> **What is required**: Write out the listing exactly, dropping any picture it contains.

Top of Exercise input

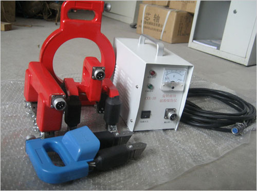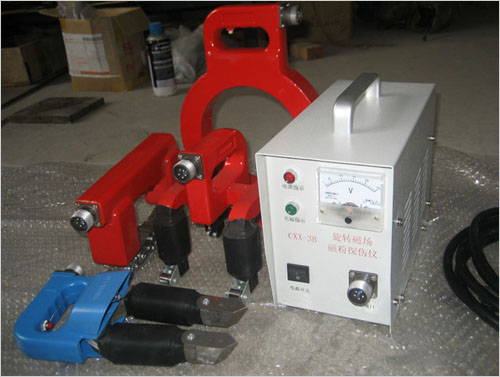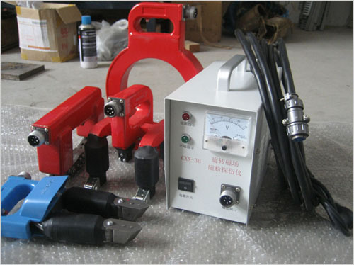 工作節拍:建議在長時間連續工作時:充磁時間≦3秒,間隙時間≧5秒 |  | | 4 |  | 型號:CXX-3B(大圓環探頭檢測,物件通過中間探傷) 名稱:便攜式磁粉探傷儀(旋轉圓環磁粉探傷儀) | 這款是環形探頭,工件從中通過.
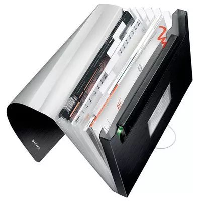 Harmonikamappa, A4, PP, 6 rekeszes, LEITZ "Style", szaténfekete
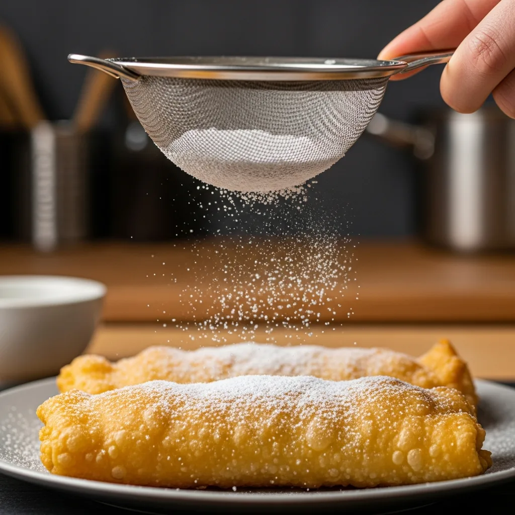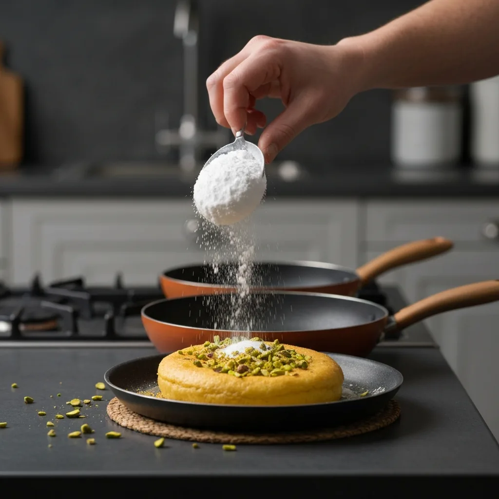 Servis etmeden önce üzerine bolca pudra şekeri serpin. İsteğe bağlı olarak meyve veya Antep fıstığı ile süsleyebilirsiniz.
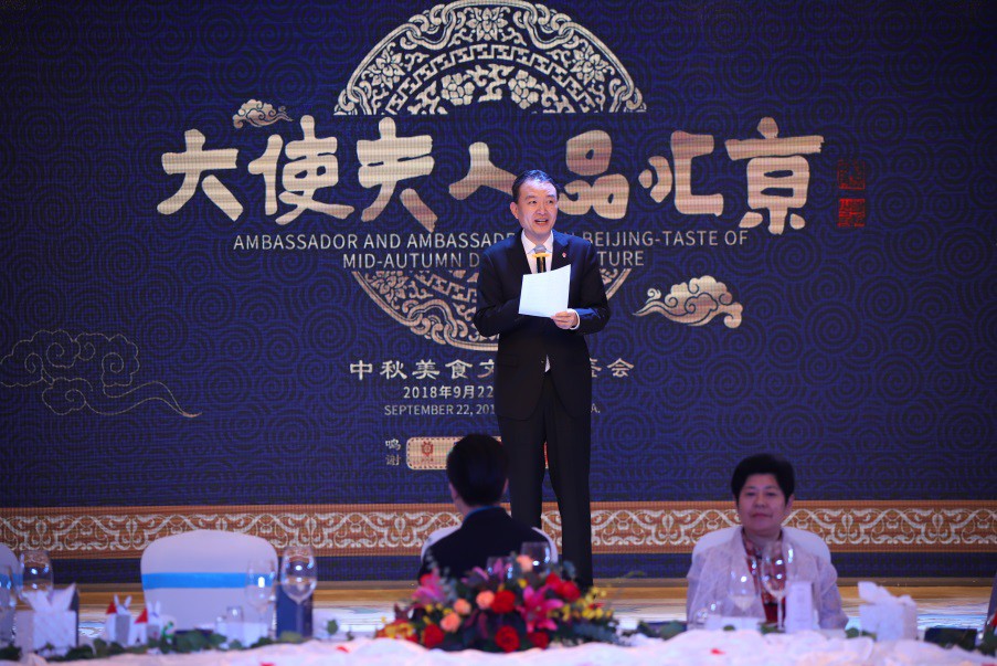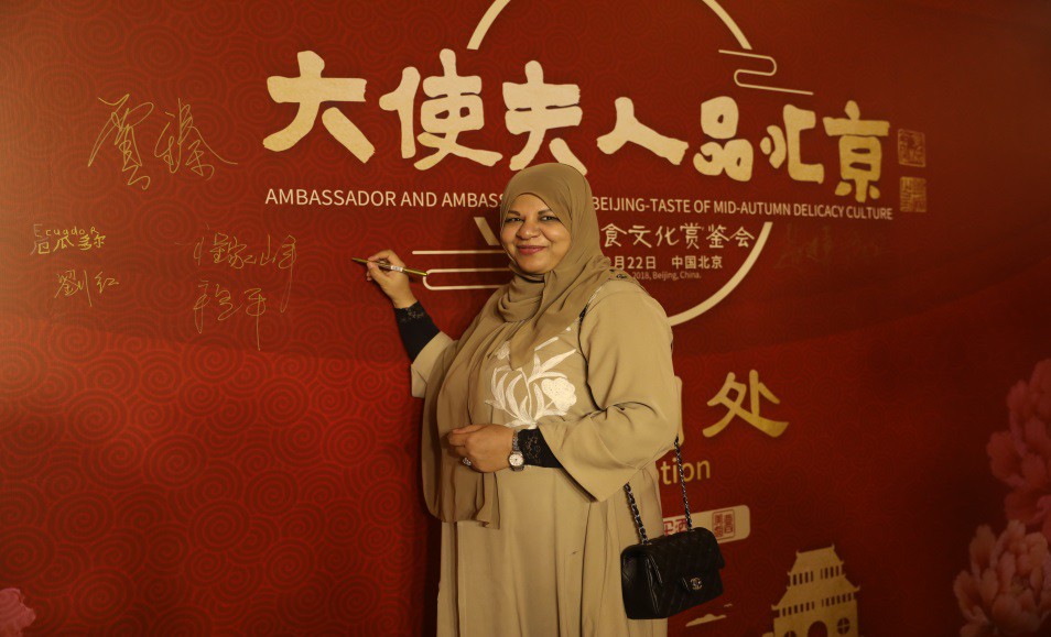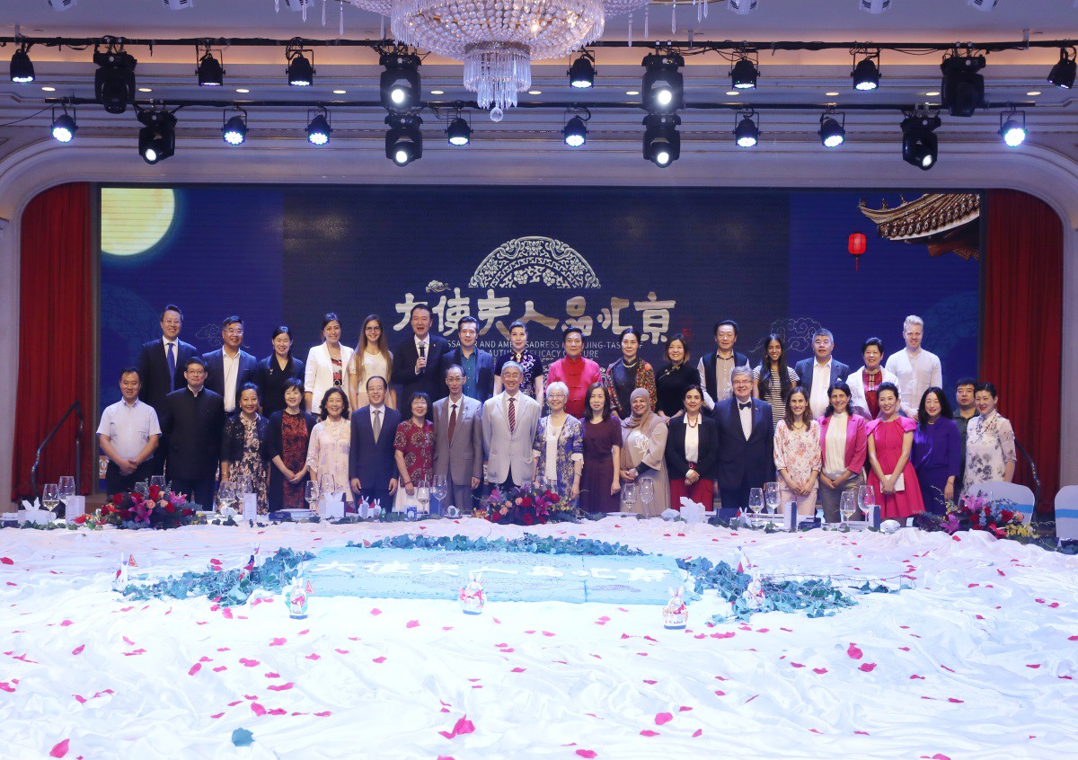 2018年9月22日,中秋節(jié)前夕, “大使夫人品北京——中秋美食文化鑒賞會(huì)”在北京宴宴會(huì)廳舉行。眾多中外使節(jié)及夫人齊聚一堂,一起做月餅、品巖茶、寫書畫、聽昆曲、賞緙絲,度過了一個(gè)充滿中國韻味的文化之夜。
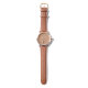 Ik heb gisteren dit horloge ontvangen. Het wijkt echter behoorlijk af van de referentiefoto op de website. Ik had iets zilverkleurigs besteld, dacht ik, maar nu blijkt het vooral goudkleurig te zijn. De afbeelding is ook veel te donker en het horlogebandje is bijna mokka kleurig en ook echt heel anders dan op de foto. Kortom ik ben erg teleurgesteld en heb er in totaal wel €70 voor betaald. Ik wil het graag retourneren en ga hier niet meer bestellen. Heel jammer dit. .
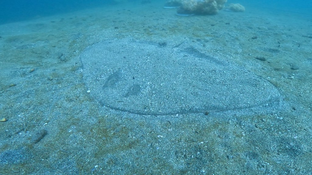 平べったい個体で砂中に隠れているためサイズ感が写真で伝えきれないのが悔しいです。
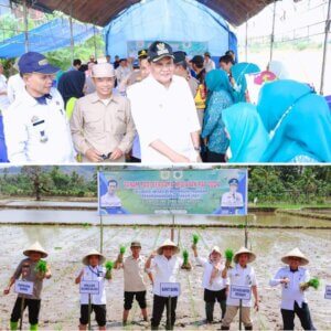 BARRU,SUARABANGSAINDONESIA—Bupati Barru Dr. (H.C) Ir. H. Suardi Saleh, M.Si bersama Staf Ahli Menteri Pertanian Prof.Dr.Ir. Yusran, M.Si Tanam Padi Perdana di Dusun Pallae Desa Lampoko
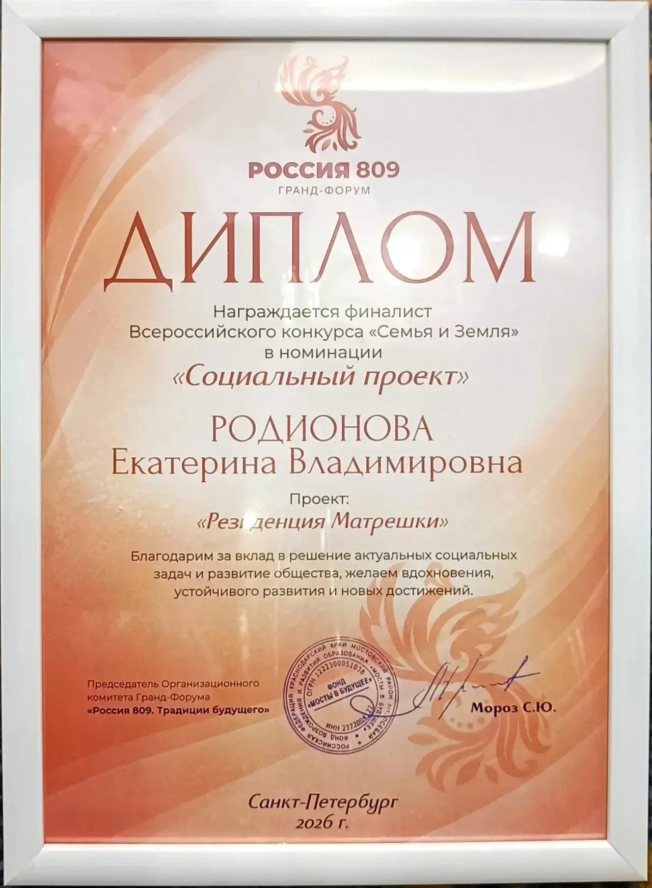 Сегодня в Санкт-Петербурге на гранд-форуме «Россия 809» состоялось торжественное награждение финалистов Всероссийского конкурса «Семья и Земля» в номинации «Социальный проект».
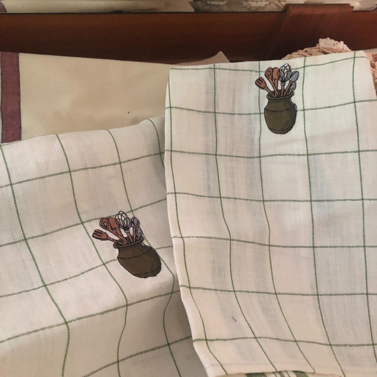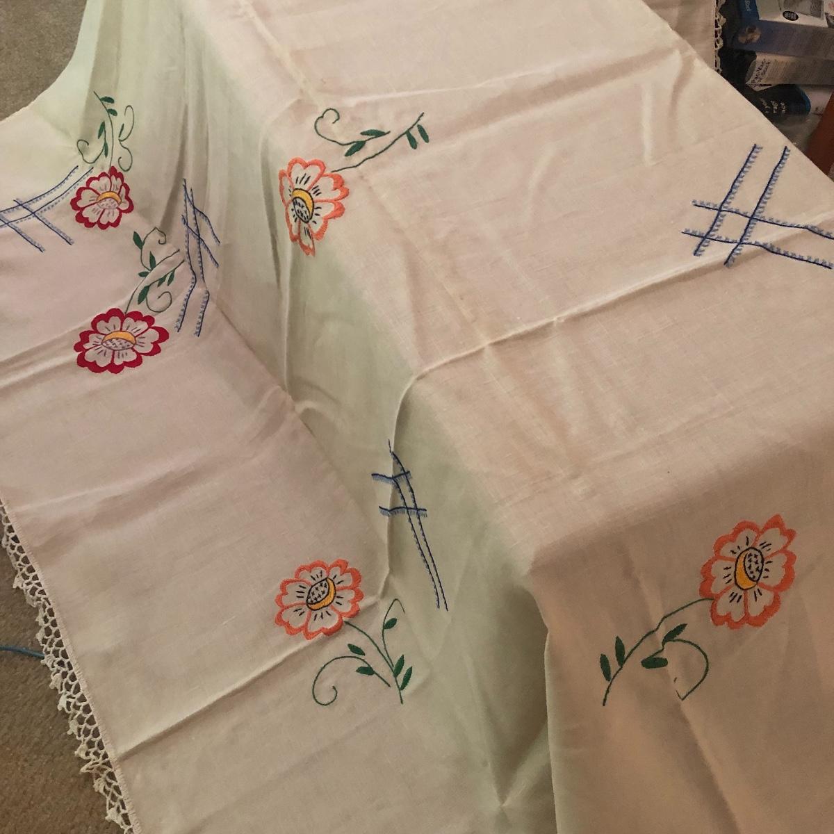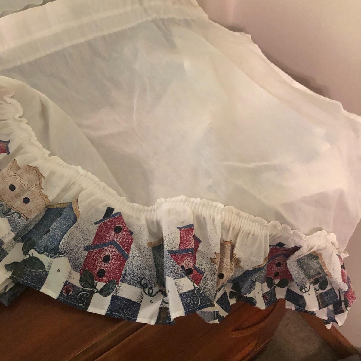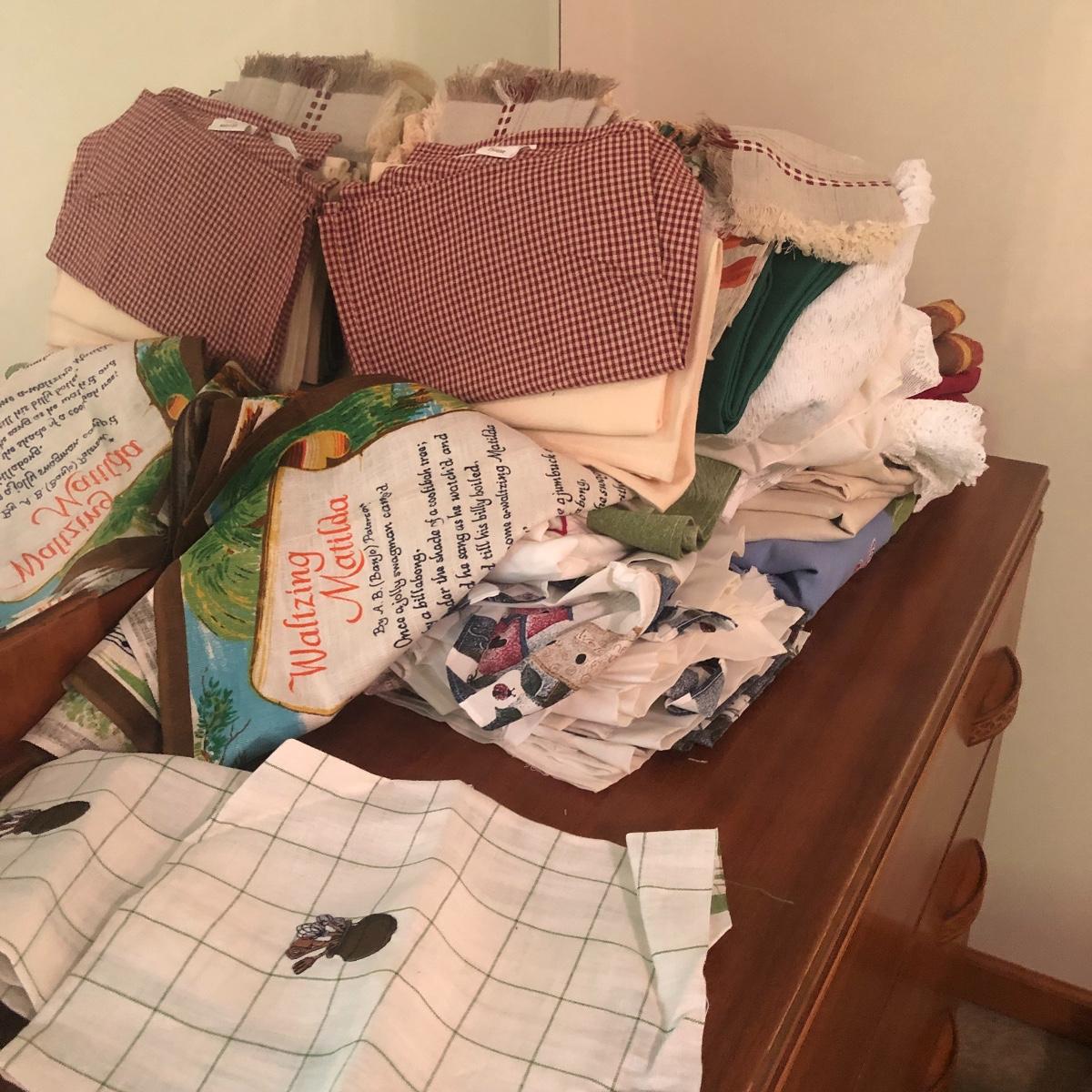 Get a little of everything in this lot. There are about ten tablecloths with one appearing to boast hand-stitched red flowers on it! There is also about nine sets of table napkins, eleven valances (with eight being the bird house motif), hand towels and more. Shipping Available.

Bottom of Exercise input

> **Solution**:
 工作節拍:建議在長時間連續工作時:充磁時間≦3秒,間隙時間≧5秒 |  | | 4 |  | 型號:CXX-3B(大圓環探頭檢測,物件通過中間探傷) 名稱:便攜式磁粉探傷儀(旋轉圓環磁粉探傷儀) | 這款是環形探頭,工件從中通過.
 Harmonikamappa, A4, PP, 6 rekeszes, LEITZ "Style", szaténfekete
 Servis etmeden önce üzerine bolca pudra şekeri serpin. İsteğe bağlı olarak meyve veya Antep fıstığı ile süsleyebilirsiniz.
 2018年9月22日,中秋節(jié)前夕, “大使夫人品北京——中秋美食文化鑒賞會(huì)”在北京宴宴會(huì)廳舉行。眾多中外使節(jié)及夫人齊聚一堂,一起做月餅、品巖茶、寫書畫、聽昆曲、賞緙絲,度過了一個(gè)充滿中國韻味的文化之夜。
 Ik heb gisteren dit horloge ontvangen. Het wijkt echter behoorlijk af van de referentiefoto op de website. Ik had iets zilverkleurigs besteld, dacht ik, maar nu blijkt het vooral goudkleurig te zijn. De afbeelding is ook veel te donker en het horlogebandje is bijna mokka kleurig en ook echt heel anders dan op de foto. Kortom ik ben erg teleurgesteld en heb er in totaal wel €70 voor betaald. Ik wil het graag retourneren en ga hier niet meer bestellen. Heel jammer dit. .
 平べったい個体で砂中に隠れているためサイズ感が写真で伝えきれないのが悔しいです。
 BARRU,SUARABANGSAINDONESIA—Bupati Barru Dr. (H.C) Ir. H. Suardi Saleh, M.Si bersama Staf Ahli Menteri Pertanian Prof.Dr.Ir. Yusran, M.Si Tanam Padi Perdana di Dusun Pallae Desa Lampoko
 Сегодня в Санкт-Петербурге на гранд-форуме «Россия 809» состоялось торжественное награждение финалистов Всероссийского конкурса «Семья и Земля» в номинации «Социальный проект».
 Get a little of everything in this lot. There are about ten tablecloths with one appearing to boast hand-stitched red flowers on it! There is also about nine sets of table napkins, eleven valances (with eight being the bird house motif), hand towels and more. Shipping Available.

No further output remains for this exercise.